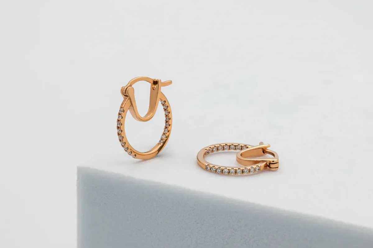 18ct Rose Gold Diamond Hoop Earrings
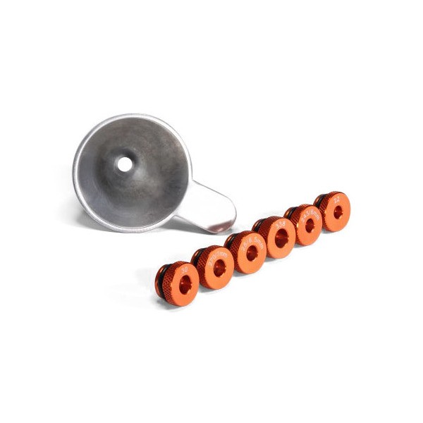 Lyman’s Precision Funnel Set is the “Perfect” system for the serious reloader. The Brass Smith Precision Funnel Set is made to be completely static free, no more powder clinging to surfaces which can happen with lightweight plastic funnels. The solid construction and quality of the Brass Smith Precision Funnel Set will be apparent in its first use. This is no “one size fits all” funnel, the Brass Smith Precision Funnel Set uses precision machined, caliber specific inserts to properly fit the case neck. The inserts can be quickly and easily installed by simply pushing them into place and then pulling them out when changing calibers. The Brass Smith Precision Funnel Set also comes with a padded storage case that neatly stores extra inserts when not in use. The funnel comes with inserts for 22, 243/6mm, 25/6.5mm, 270/7mm, 30 and 338 caliber rifle cartridges.
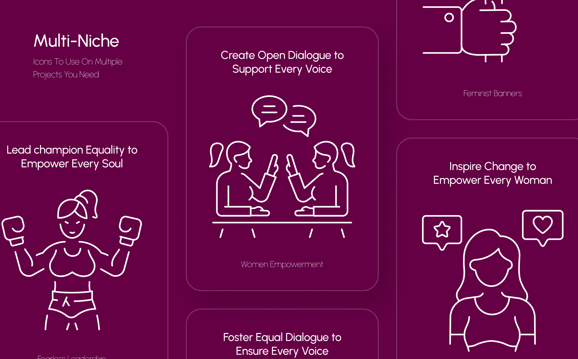 Celebrate feminism and womens empowerment with this feminist icons set These bold and inspiring symbols are perfect for activism, branding, and creative projects. Whether you are designing for protests, awareness campaigns, social media, or personal expression, these icons bring a strong and meaningful message. Use them to amplify your voice, spark conversations, and create visuals that stand for justice and equality.
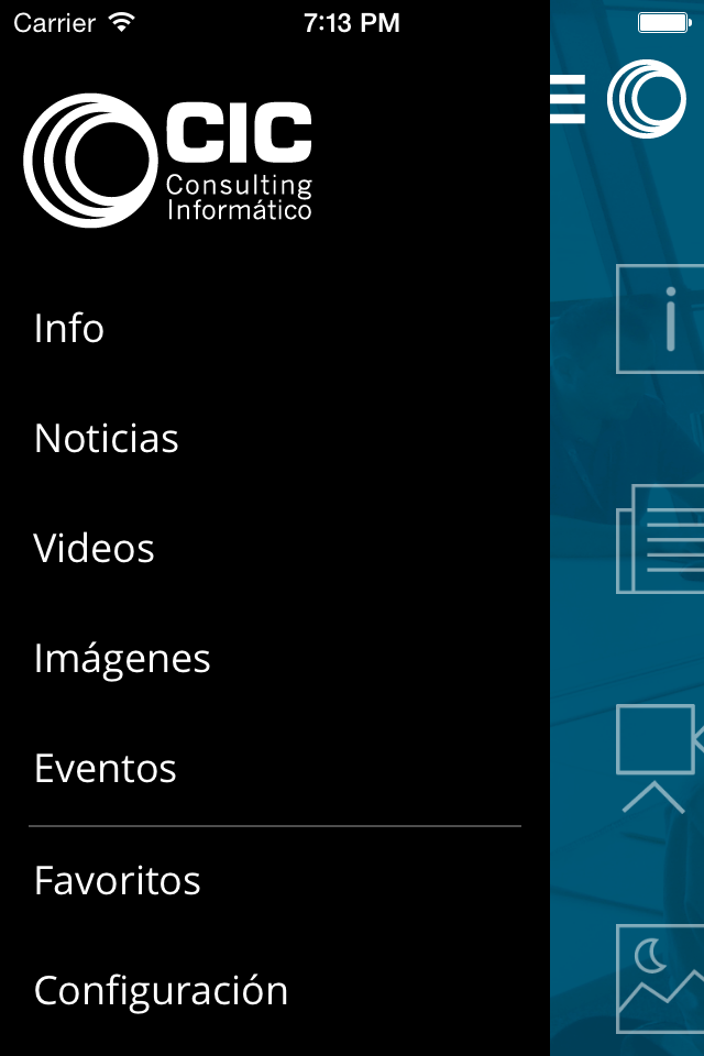 Nuestra app muestra las últimas noticias de CIC, canal de vídeos, galería fotográfica, eventos y también permite la integración con redes sociales para compartir la información.
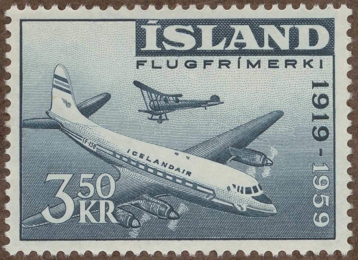 Frimärke från Island, 1959. Motiv av 4-motorigt modernt flygplan från "Icelandair"- linjen bredvid första primitiva modellen. "- Islandsk flygs 40-års jubileum: 1919-1959-"
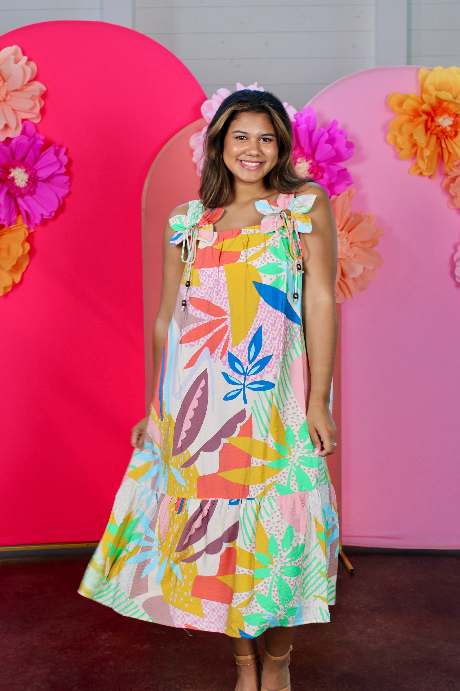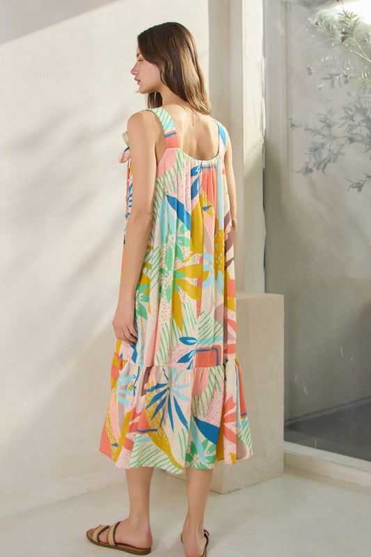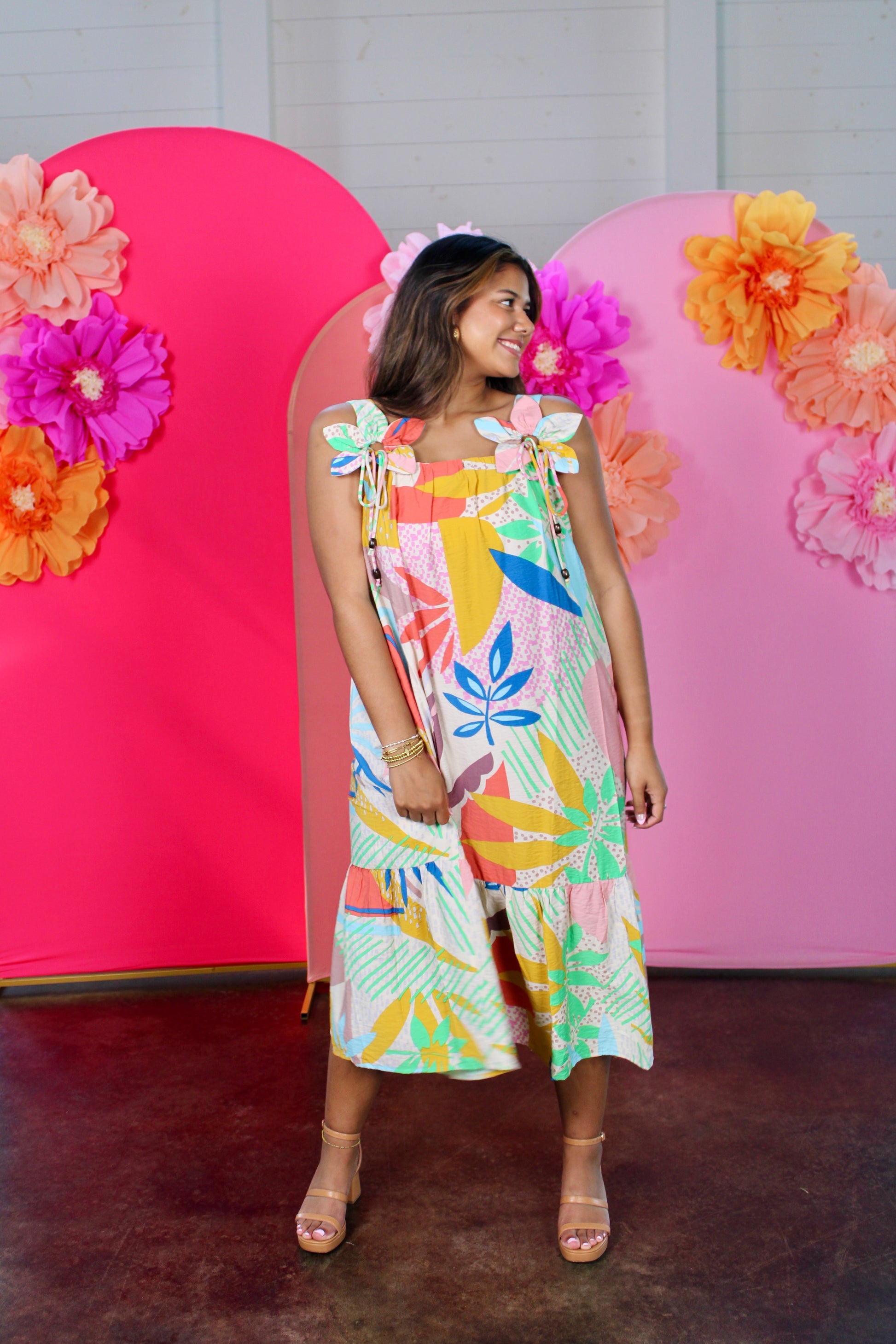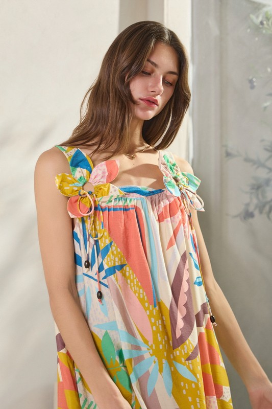 Tropical printed sleeveless dress with 3d flower detail strap.
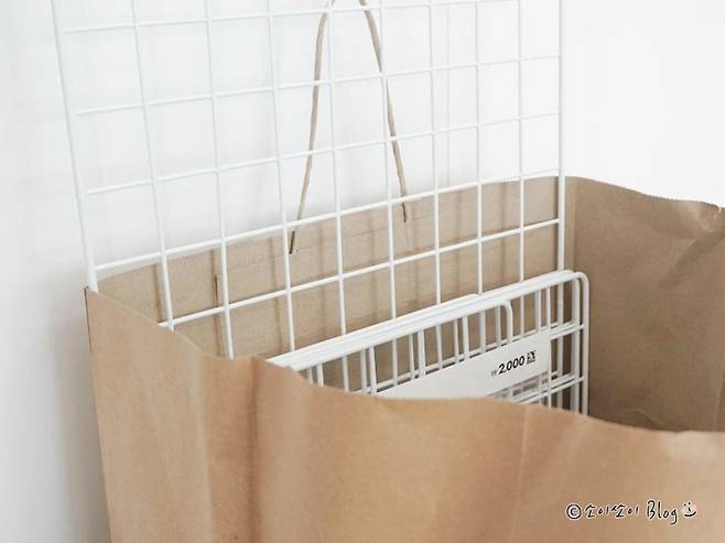 타공보드 위에 슬라이드 하듯 쓸 거라 비슷한 사이즈의 바구니가 필요했어요. 모양이 마음에 들면 너무 작거나 커서 바구니 코너 다 돌아다니며 대 본 결과 메쉬바구니 2호가 가장 잘 맞더라고요!
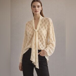 Scoop neck black blouse with 3/4 sleeves. Sleeves have elastic band, as does the bottom. It’s a little hard to see in the picture, but front has pleating detail.
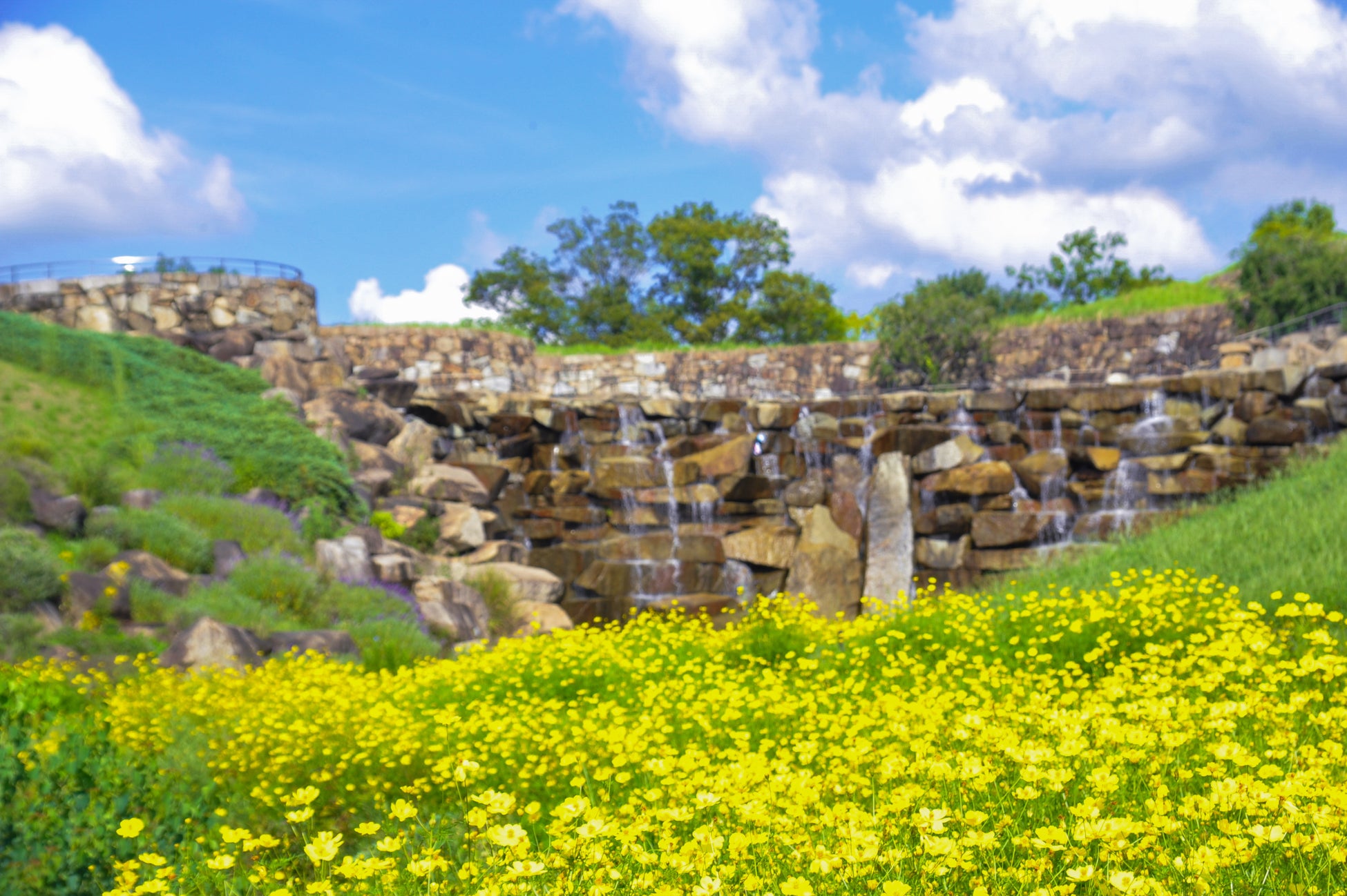 まんのう公園では香川特産の庵治石(※1)を使った迫力のある「昇竜の滝」を背景に、谷間を埋め尽くすように咲く様子をお楽しみいただけます。
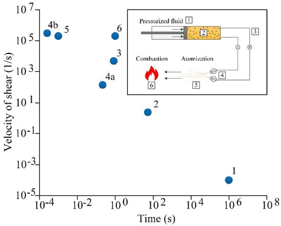 Shear rate and characteristic time of the stages implementation of the typical gel fuel life cycle [45,112,113,114,115]: 1—storage; 2—moving from the fuel tank to the transport channel; 3—moving in fuel line; 4—atomization with nozzle (4a) or hydraulic nozzle (4b); 5—movement of fuel fragments (particles or droplets) in the combustion chamber; 6—melting, evaporation and combustion of fuel.
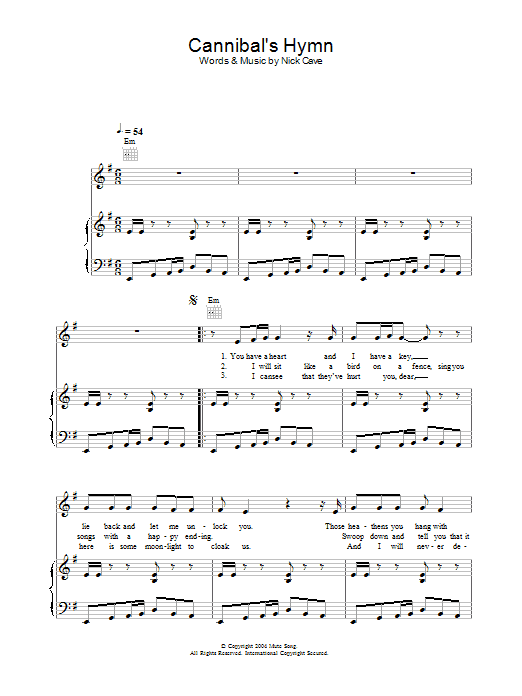 Download or print Nick Cave Cannibal's Hymn sheet music, chords and digital score arranged for Guitar Chords/Lyrics. This Rock score includes 2 page(s).
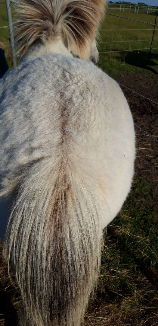 Fraeknir was registered as an earth color (new name Braunisabell) at foal registration, but turned out to be a dun after the first coat change (not tested). He was awarded a prize by the SH/HH studbook at the foal evaluation.

.....

### What needs to be done
No pictures belong in the copy; quote exactly the lines from the line containing "まんのう公園では香川特産の庵" through the final line of the material, both ends included.

### Answer to the problem
 まんのう公園では香川特産の庵治石(※1)を使った迫力のある「昇竜の滝」を背景に、谷間を埋め尽くすように咲く様子をお楽しみいただけます。
 Shear rate and characteristic time of the stages implementation of the typical gel fuel life cycle [45,112,113,114,115]: 1—storage; 2—moving from the fuel tank to the transport channel; 3—moving in fuel line; 4—atomization with nozzle (4a) or hydraulic nozzle (4b); 5—movement of fuel fragments (particles or droplets) in the combustion chamber; 6—melting, evaporation and combustion of fuel.
 Download or print Nick Cave Cannibal's Hymn sheet music, chords and digital score arranged for Guitar Chords/Lyrics. This Rock score includes 2 page(s).
 Fraeknir was registered as an earth color (new name Braunisabell) at foal registration, but turned out to be a dun after the first coat change (not tested). He was awarded a prize by the SH/HH studbook at the foal evaluation.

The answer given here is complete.